Portanto, como apontou Bendassolli (2011), o desgaste no trabalho está relacionado ao que o trabalhador não pode fazer, e que gostaria, e àquilo que ele é forçado a fazer. Quando ocorre o impedimento, a energia associada à atividade acumula-se, sendo também este um fator de adoecimento, pois a saúde está ligada à intensidade dessa energia. A saúde relaciona-se à capacidade de recriação das situações, com desenvolvimentos inesperados, com a possibilidade de recriar o real do trabalho, por meio da autoiniciativa do trabalhador.

Vieira e Faïta (2003) consideram que a representação coletiva da atividade repousa, ao menos em parte, tanto no modo como cada um está apto a pensar esta atividade, quanto no modo que o protagonista coletivo está pré-disposto a dizer dela, captando ou anulando os desejos individuais. Assim, para melhor compreender a arquitetura de mobilidade e desenvolvimento da atividade, é importante entender seus contextos e interconexões nos âmbitos: pessoal, interpessoal, transpessoal e impessoal.
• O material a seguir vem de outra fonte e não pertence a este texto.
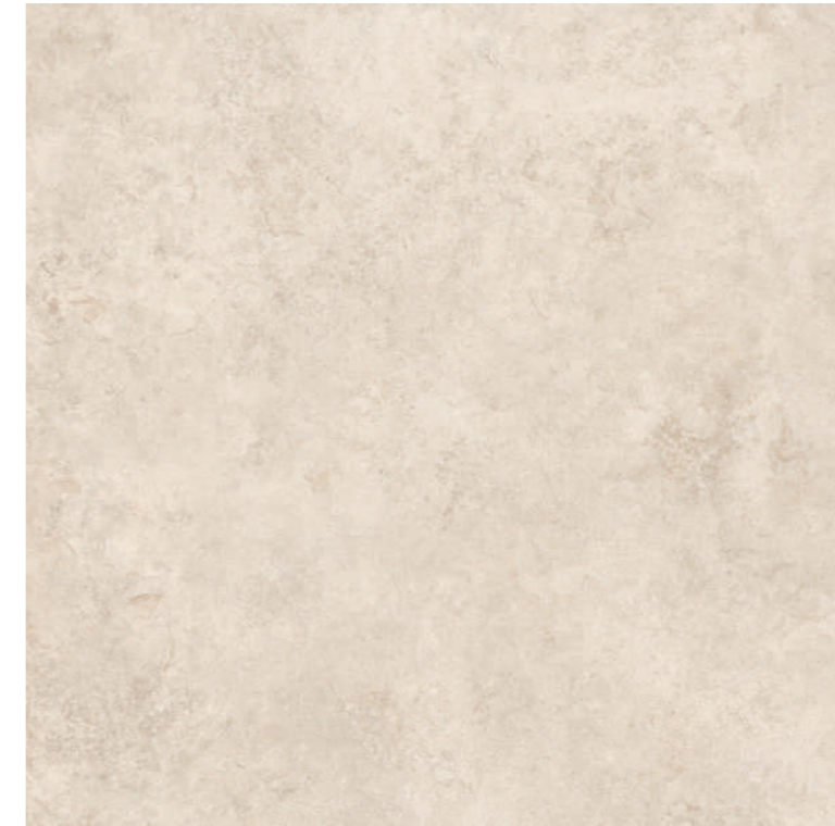
Tivoli Natural 100x100 R

No artigo Action et connaissance en clinique de l’activité, Clot (2004) explicita didaticamente os contextos de desenvolvimento da atividade: a dimensão pessoal, refere-se à singularidade do sujeito na atividade, ao seu agir individual; a interpessoal diz respeito à existência de um outro, um destinatário a quem seu agir se direciona; a transpessoal reporta-se a atividade sendo atravessada pela história de um coletivo, das circunstâncias socioculturais em que se insere a atividade; por fim, a dimensão impessoal, que se refere as normatizações planejadas para a tarefa, e dizem respeito ao esforço de manutenção de um eixo de prescrição para além das outras três dimensões.

Da Rocha Falcão (2008) menciona que os contextos da atividade não devem ser compreendidos estritamente como entidades ontológicas em si, pois isto explodiria o modelo, na medida em que a tarefa, como prescrição impessoal, é uma abstração considerada para fins de análise. Enfatiza-se que a dimensão da impessoalidade reporta- se a um esforço de buscar um marco de referência no contexto do exercício repetido de atividades cotidianas que vá além das peculiaridades de cada situação vivida e forneça ao indivíduo uma orientação genérica – naturalmente insuficiente, porém, igualmente necessária – para a constituição da competência de quem exercita determinada atividade.

Essa orientação genérica, representada pelas prescrições da atividade, por mais rígidas que possam parecer, são influenciadas, e em algumas vezes, até modificadas pelas possíveis (re)invenções apresentadas em um métier-ofício. Para concretizarem-se, essas transformações da atividade passam de um âmbito individual, de estilização da atividade, para um nível coletivo de funcionamento, que se encontra compactuado pela mediação de um gênero profissional.